One of my first reactions to Israel was that it is dusty and dry. It is, after all, a natural desert, and it is therefore almost impossible to grow crops without the modern irrigation methods and systems for which the Israelis are famous.

As a child learning about Israel in my religious school, I often found myself wondering why it was so holy if the land was disagreeable for farming and the weather was too hot. Yet, despite these things, this land, I can almost guarantee, is the most loved land in the world. It is wrapped in layers of protection and affection by its inhabitants and completely appreciated for all that it is. The fact that the Israeli earth is just soil like the rest of the world suggests that what people love about this land is more than merely physical: It is its soul and what it represents to them and the world.

To learn about Israel, its landscape, its people, its way of life is simply, I have discovered, not enough. One must go there to feel that special feeling I got as soon as I deplaned. To go to Israel is to discover its spirit and also a part of yourself you may not have known was there.

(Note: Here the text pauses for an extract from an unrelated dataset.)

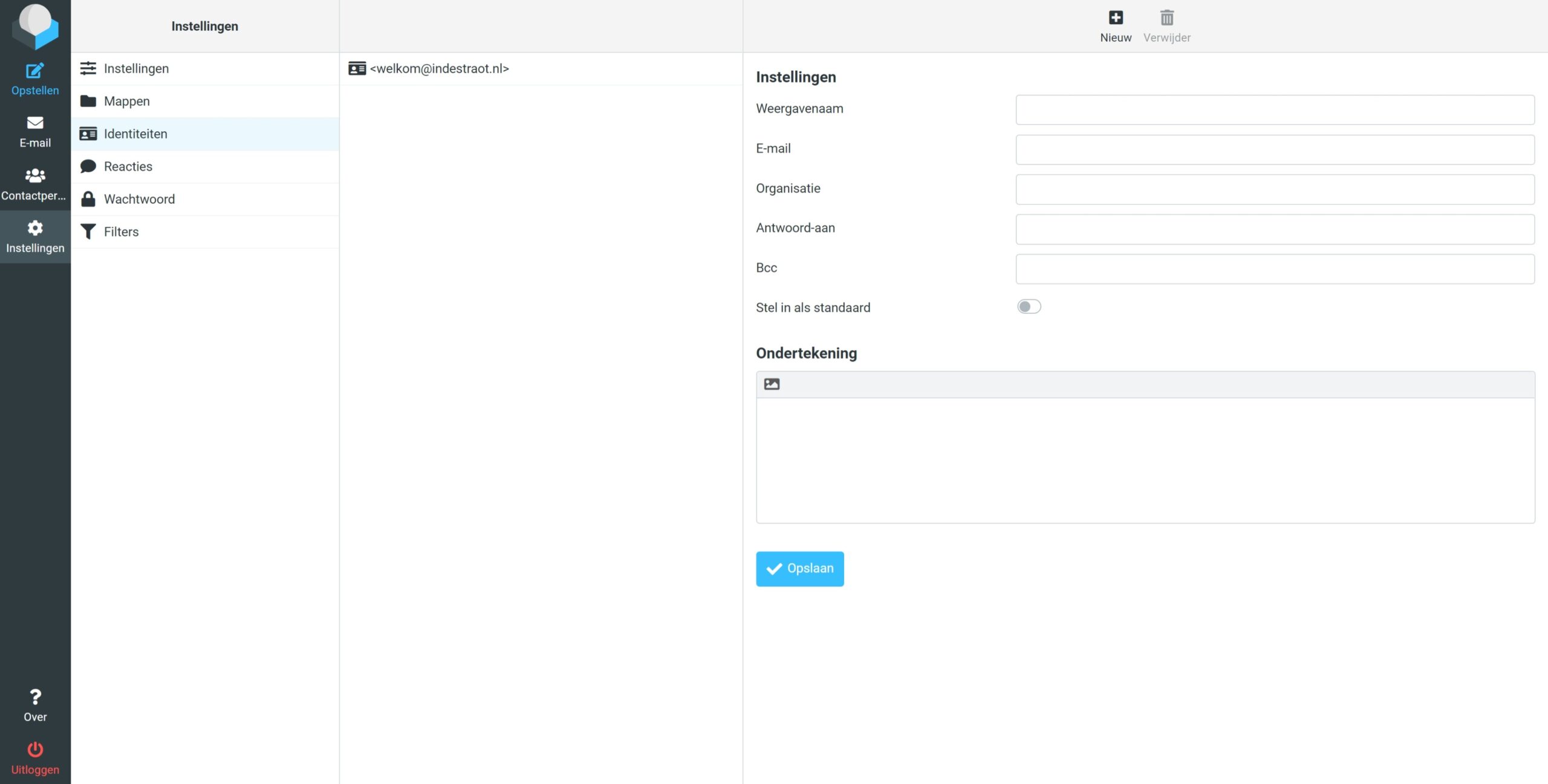 Vervolgens klik je op 'Identiteiten' en daarna op de grote plus-knop in aan de rechterkant van de toolbar bovenin.
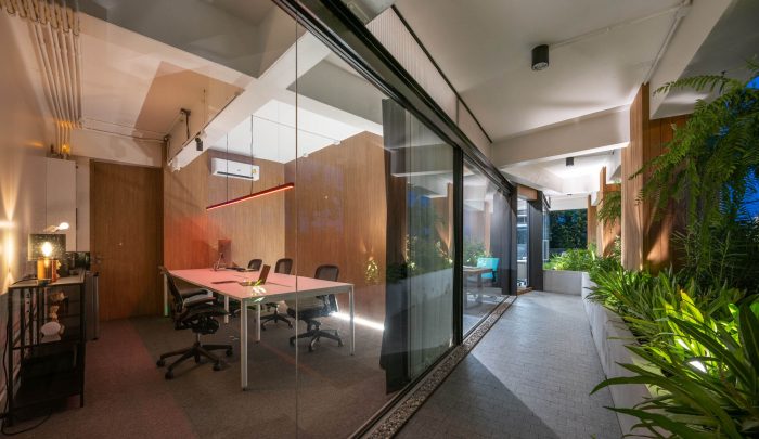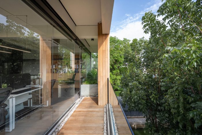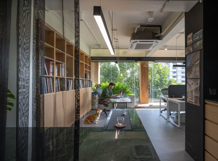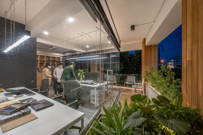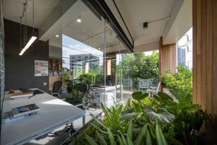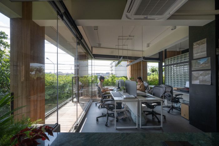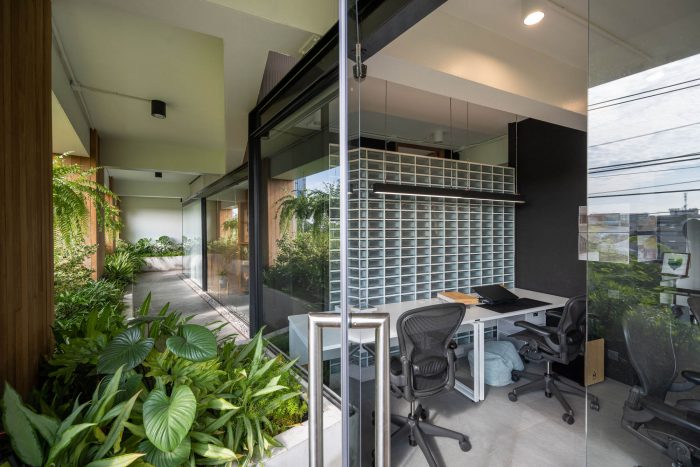 在Klongsarn区的一家公司做了4年的初级建筑师后,我发现了大树的美丽,河流的芬芳,草地和土壤的触摸。然而,小鸟必须靠它的翅膀成长和流动。建筑师也是这样生活的。在设计的世界里飞行了3年之后,我正在寻找一棵大树来建造一个庇护所,有一天会发展成一个大房子。命运给了我一个位于Charoenrat路的联排别墅的空三楼,这与我正在寻找的理想办公室的概念性形象相反。

Ariel Cohen is a 10th-grader at The Archer School for Girls.

Speak Up!

Tribe, a page by and for teens, appears the first issue of every month in The Jewish Journal. Ninth- to 12th-graders are invited to submit first-person columns, feature articles or news stories of up to 800 words. Deadline for the December issue is Nov. 15; deadline for the January issue is Dec. 15. Send submissions to julief@jewishjournal.com.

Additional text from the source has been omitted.